The white light glinted off of the wings of a prop-plane.

"Oh, shit," Blancanales muttered. "Somebody screwed up." His hand-radio buzzed. Lyons' voice came on:

"What's going on?"

"Mucho problemas."

Like a jackhammer on steel, the sound of tracers raking the deck of the freighter banged alongside the yacht. Ricochets buzzed in all directions, some invisible, others searing red. Blancanales watched lines of tracers shoot from the silhouette of the helicopter above them. Then the gunner targeted the yacht.

A long burst ripped the length of Able Team's sailing vessel. Blancanales watched the curtain of red phosphorescent tracers pass within an arm's reach of him. The roar of the passing slugs was an unforgettable sound. The wooden mast he was hanging from bucked and shuddered with the impacts of slugs. His hand radio buzzed again. Lyons yelled: "Get out of there! That stuff passed so close it lit you up."

Scrambling down the mast's ladder, Blancanales did not stop to answer his comrade-in-arms. Only when his boots hit the deck did he key his hand-radio.

"I'm down. Where are the Mezas? We gotta get out of here!"

Shouting came from the deck of the looming freighter. Fifteen feet above where Lyons stood, he saw a man brace a weapon on the freighter's railing and fire at the helicopter. It was a belt-felt machine gun. Brass showered down on Lyons. He saw a line of tracers cross the fuselage of the helicopter.

The rotor-noise deafened Lyons as he ran to the rear to identify the freighter's boarding ramp. He crouched as the helicopter's door gunner sought out the machine gun on the freighter's deck. Tracers sparked in the shadows.

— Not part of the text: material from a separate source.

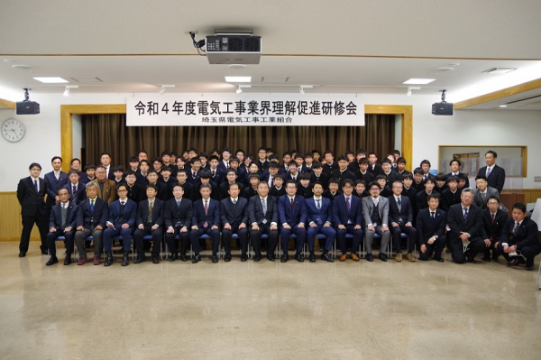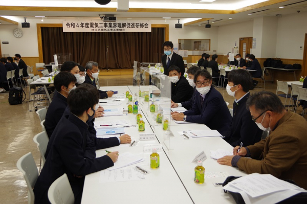当工組の青年部会(赤池忠徳会長)は令和4年12月14日(水)午後2時からさいたま市北区の埼玉電気会館において「令和4年度電気工事業界理解促進研修会」を開催し、意見交換会と電気体験学習を実施しました。この研修会は平成26年から開催しており、今回で6回目となります。 当日は、青年部会の会員等18名と埼玉県内の工業高校8校の先生、生徒約80名が参加しました。 |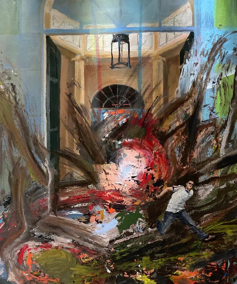 This painting captures a moment of raw chaos and impending doom. A grand hallway, once regal with its towering arched entrance and delicate chandelier, is now the epicenter of destruction. Jagged roots or tendrils burst through the space, twisted and violent, dragging with them a wave of debris, ear...

Xenon light revealed the machine gunner on deck. He lifted the heavy weapon and fired from the hip. Tracers crisscrossed. The xenon beam died as slugs slammed into the helicopter. Then the machine gunner died, a stream of tracers from the helicopter finding him and slamming him back against the railing. Lyons watched the slugs rip through the man's body, tracers blazing through him to punch into the yacht's deck. Burst after burst hit the dead man.

"We must board now," Flor called urgently to Lyons. She hurried up the ramp, a CAR-15 in one-hand, a satchel in the other. She had the collar of her jacket turned up. The copter was gone.

The boarding was hasty, uneventful. The business was accomplished wordlessly, in a silence blessedly rotor-free.